9. Mengkonsumsi Makanan Yang Aman Bagi Kesehatan
Selain gizi yang harus lengkap dan seimbang makanan juga harus aman bagi
kesehatan. Makanan yang aman adalah makanan yang bebas dari kuman dan
bahan kimia berbahaya, telah diolah dengan tata cara yang benar sehingga
sehingga penampilan fisik dan zat gizinya tidak rusak, serta tidak bertentangan
dengan keyakinan masyarakat. Makan makanan yang tidak aman dapat
menyebabkan gangguan kesehatan, antara lain dapat menyebabkan keracunan
makanan yang dapat menyebabkan kematian (Soegondo, dkk. 2009).
B. Jadwal Makan Penderita Diabetes
Menurut Soegondo (2009) pengaturan jadwal bagi penderita diabetes
biasanya adalah 6 kali makan. 3 kali makan besar dan 3 kali selingan. Adapun
jadwal waktunya adalah sebagai berikut;
1. Makan Pagi (jam 07.00)
2. Snack I (jam 10.00)
3. Makan siang (13.00)
4. Snack II (jam 16.00)
5. Makan malam (jam 19.00)
Usahakan makan tepat pada waktunya, karena apabila telat makan, akan
terjadi hipoglikemia (rendahnya kadar gula darah) dengan gejala seperti pusing,
mual, dan pingsan.

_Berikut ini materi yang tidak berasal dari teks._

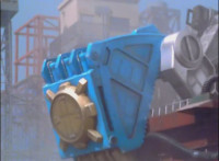Sticking her Overdrive Tracker in the side slot, Pink is in the Shovel Driver cockpit, taking the wheel in a zoom in. Shovel Driver drives forth, Saw Tank does too from the opposite side, Pink grips both controls, opens the shovel, and sparkily clamps it down like a mouth upon Saw Tank's saw when they meet. They break off for a second, then clash again. Pink speaks, hits the pedal, pushing Shovel Driver forward more, sparkily clashing some more, until suddenly Pink is jolted in her cockpit, and Shovel Driver rolls backwards over the edge of a structure. Pink hits the pedal again, causing Shovel Driver to extend a bar that halts it from plummeting over the side, pinning it on the wall in place. Pink looks up, as Saw Tank rolls forth with sparks around it. |
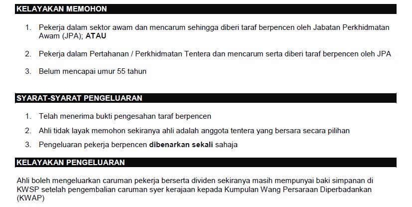 Pengeluaran kesemua simpanan bahagian pekerja. Pekerja sektor awam boleh membuat pengeluaran sekali sahaja sebelum umur 55 tahun setelah diberikan taraf pekerja berpencen dan yang boleh dikeluarkan adalah baki simpanan kwsp selepas pengembalian syer kerajaan. Kalau anda tak pernah buat sebarang pengeluaran,proses pengiraan mungkin lagi cepat. Pengeluaran kesemua simpanan bahagian pekerja bagi ahli yang berkhidmat dalam perkhidmatan awam dan diberi taraf pekerja berpencen. Pengeluaran pekerja berpencen dan pengeluaran pesara pilihan.
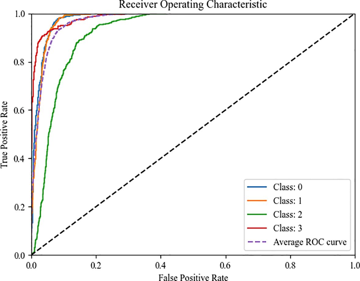 To establish a comprehensive performance evaluation framework and quantify the model’s overall discriminative capability, Figure 13 presents the Receiver Operating Characteristic (ROC) curves of CogFuse-MobileViT across four severity levels. These curves compare the True Positive Rate (TPR) against the False Positive Rate (FPR) by dynamically adjusting the classification threshold. The Area Under the Curve (AUC) serves as the primary performance metric, where a higher value indicates stronger classification ability. Notably, the AUC values for all categories significantly exceed the level of random guessing (AUC=0.5), fully demonstrating that the model possesses robust discriminative capability across different severity levels.
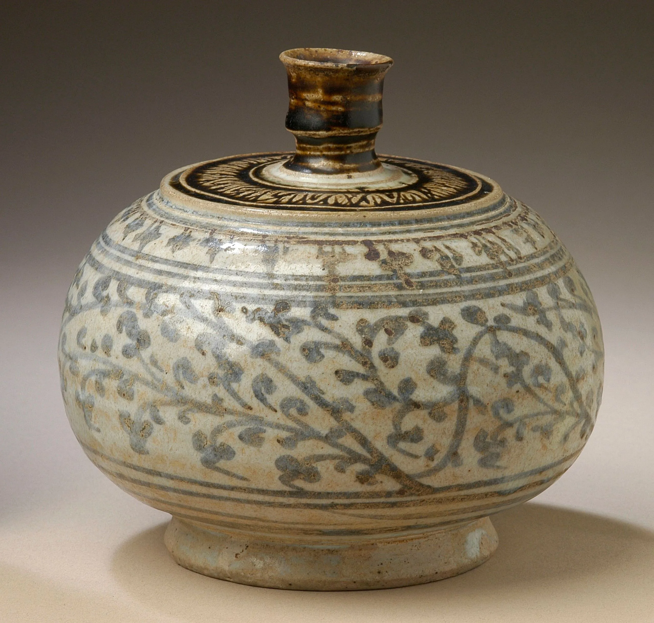 - Stoneware with underglaze brown painted decoration and partial brown glaze
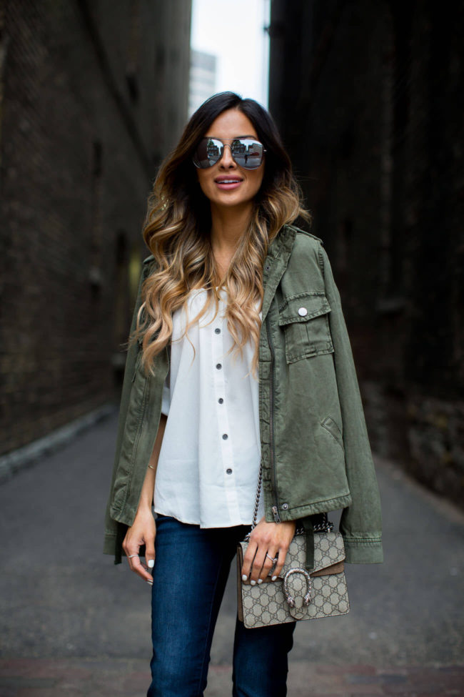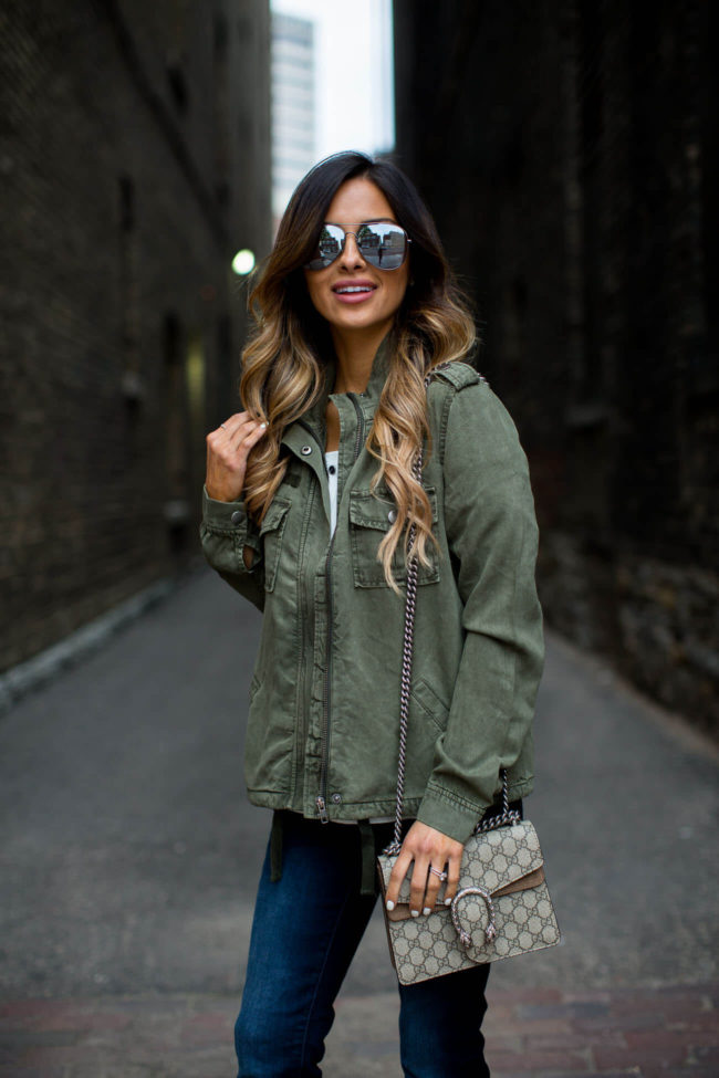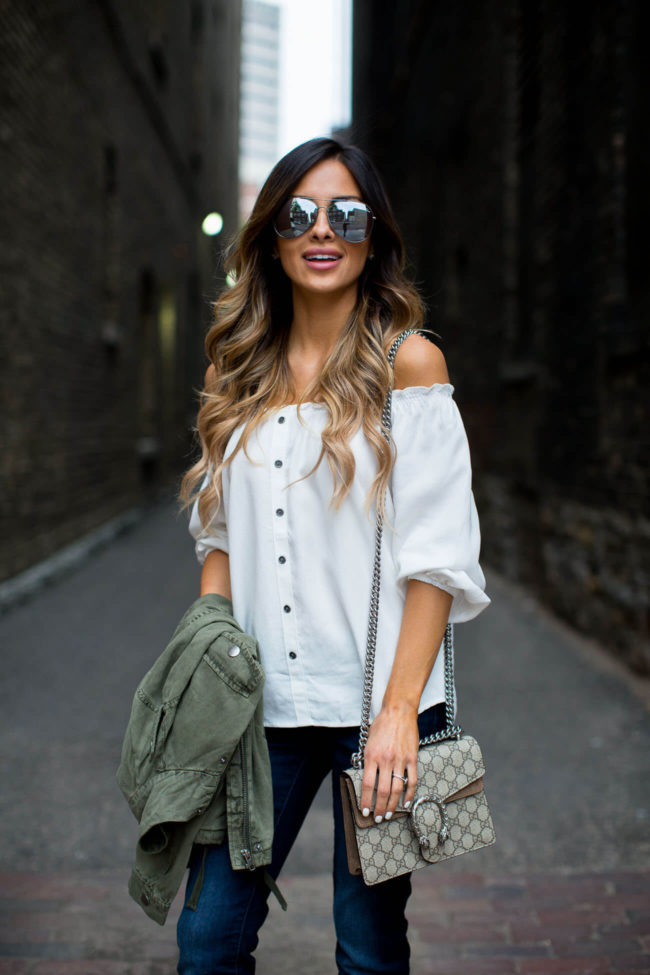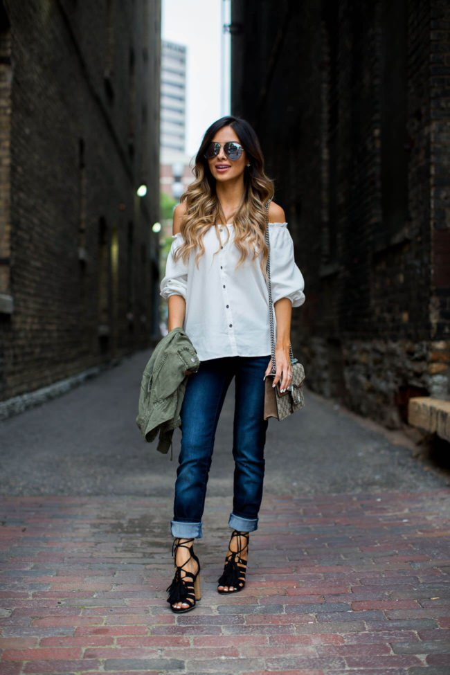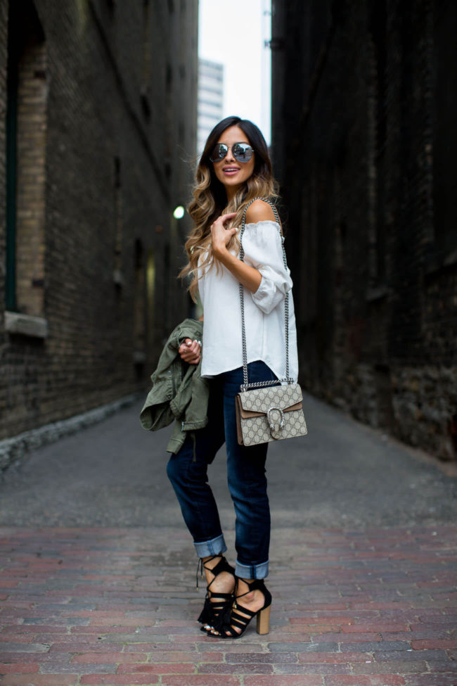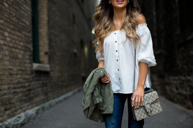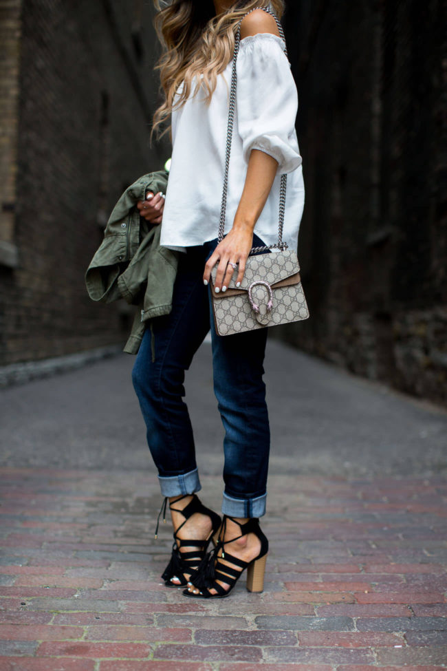 Off-The-Shoulder Top (wearing an XS) // Skinny Jeans (wearing a size petite 00) // Utility Jacket // Black Lace-Up Tassel Heels // Gucci Crossbody Bag (LOVE this one)
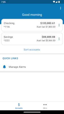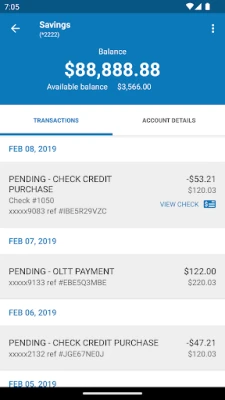 Features: • Check your account balances. • Review recent transactions. • Transfer funds between your accounts. • Click on forgot password to change your password.
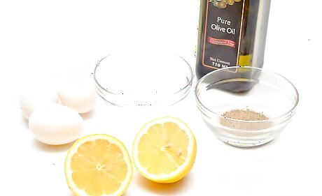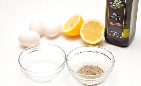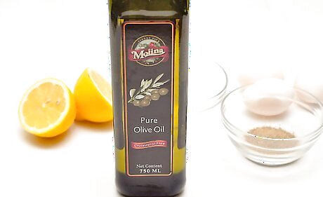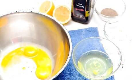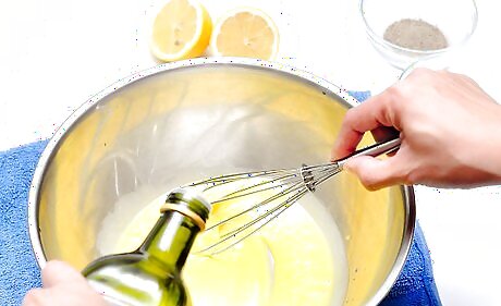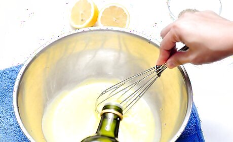 Add olive oil to the eggs one drop at a time. It is important to go slowly, or the oil will separate and not combine with the yolks. Incorporate each drop of olive oil completely before you add another drop. If you are using a blender or a mixer, keep it running through the whole process.
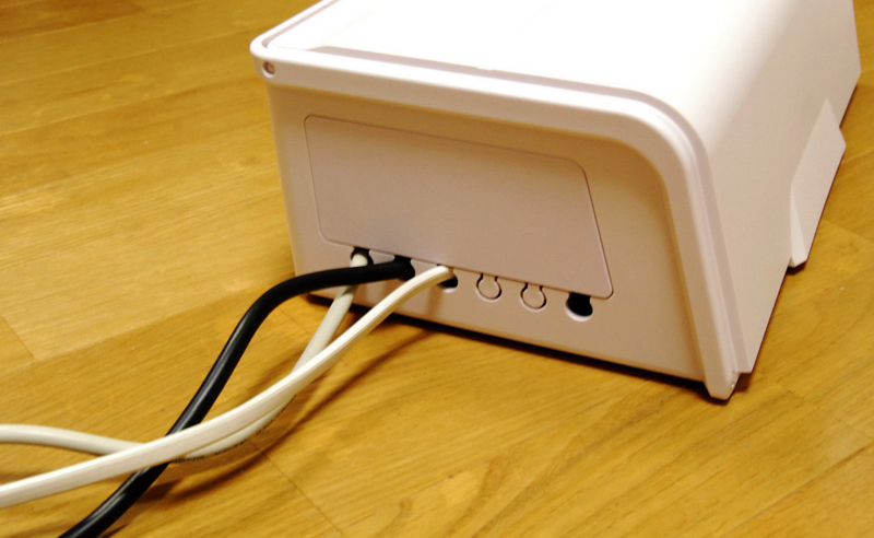 側面の穴からコードを通し、付属の側面用パネルを取り付ければ完成(?)だ。スパゲッティのようなコードが本機の中に収納されるのは、思っていた以上に気持ちいい
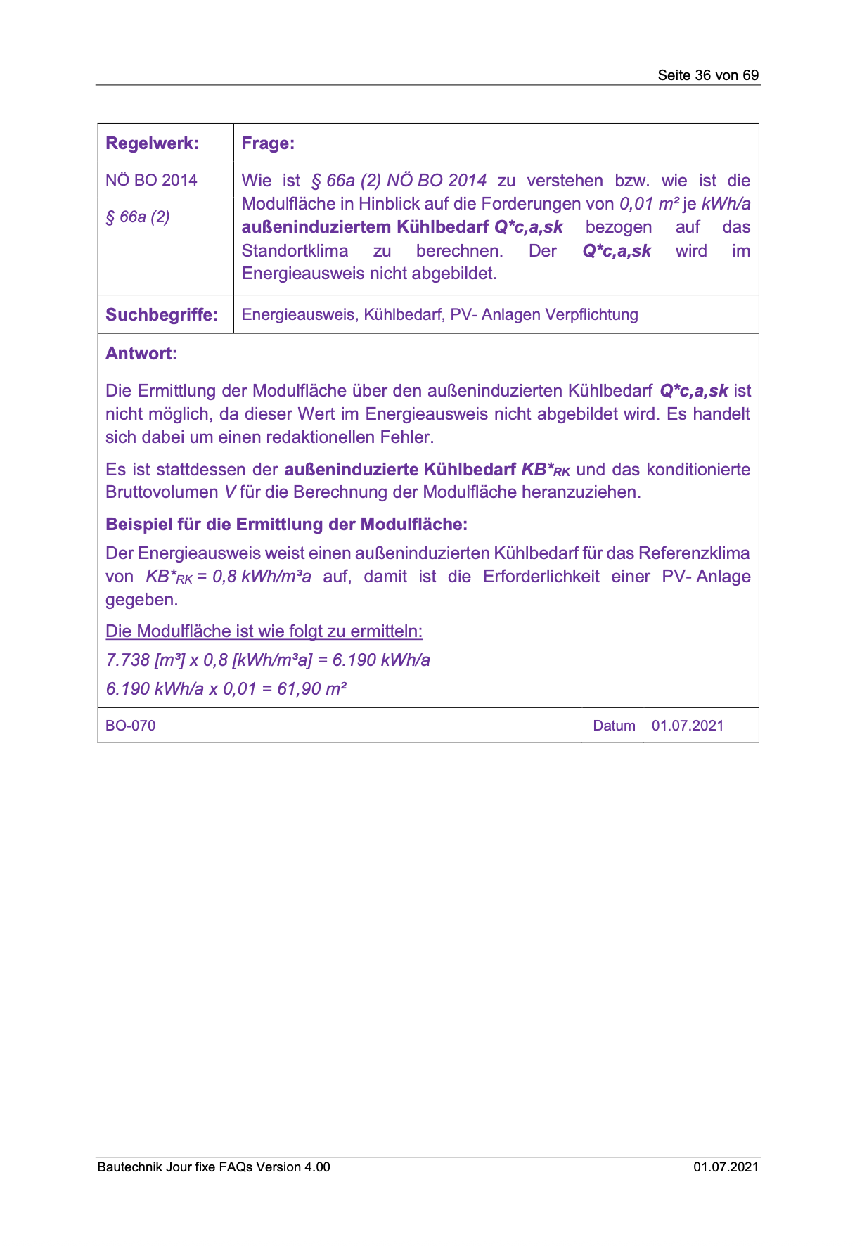 Die NÖ Bauordnung 2014 § 66a (2) verlangt für bestimmte Gebäude eine Photovoltaikanlage, deren Modulfläche sich nach dem außeninduzierten Kühlbedarf bemisst. Im Energieausweis wird der Wert Q*c,a,sk jedoch nicht abgebildet. Dabei handelt es sich um einen redaktionellen Fehler in der Verordnung.
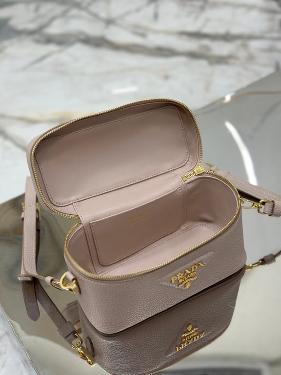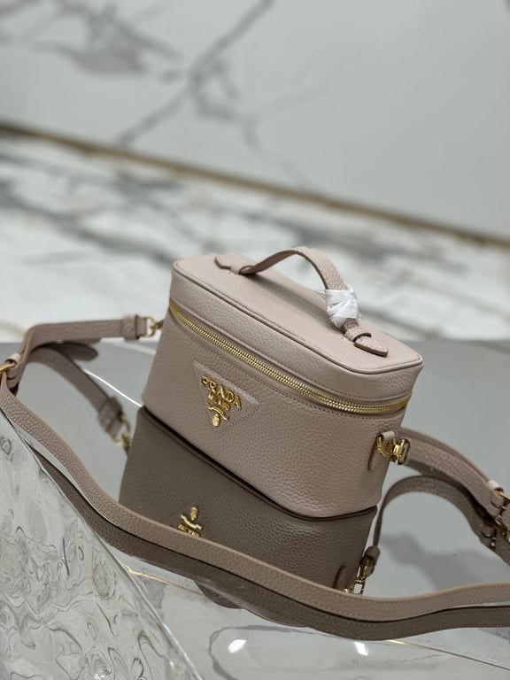 PRADA MINI CLAY GREY LEATHER BAG 18CM

Apabila hal ini terjadi segera minum air gula.
C. Porsi Makan Penderita Diabetes
Perhatikan jumlah/porsi makanan yang anda konsumsi. Prinsip jumlah
makanan yang dianjurkan untuk penderita diabetes adalah porsi kecil dan sering,
artinya makan dalam jumlah sedikit tetapi sering. Adapun pembagian kalori untuk
setiap kali makan dengan pola menu 6 kali makan adalah sebagai berikut ;
1. Makan Pagi (20%) - maksudnya 20% dari total kebutuhan kalori sehari,
Nasi, Ikan, Nabati, Sayuran dan Minyak
2. Snack I (10%), buah–buahan, susu
3. Makan siang (25%), nasi, ikan, nabati, sayuran, buah, dan minyak
4. Snack II (10%) buah– buahan
5. Makan malam (25%) nasi, ikan, nabati, sayuran, buah, dan minyak
6. Snack III (10%) susu dan buah
D. Tujuan Diet Pada Diabetes
Tujuan umum pada terapi gizi adalah membantu orang dengan diabetes
memperbaiki kebiasaan gizi untuk mendapat kontrol metabolik dan beberapa
tambahan tujuan khusus yaitu :
1. Mempertahankan kadar glukosa darah dengan insulin (Endogen atau
Eksogen) atau obat hipoglekemik oral dan tingkat aktivitas.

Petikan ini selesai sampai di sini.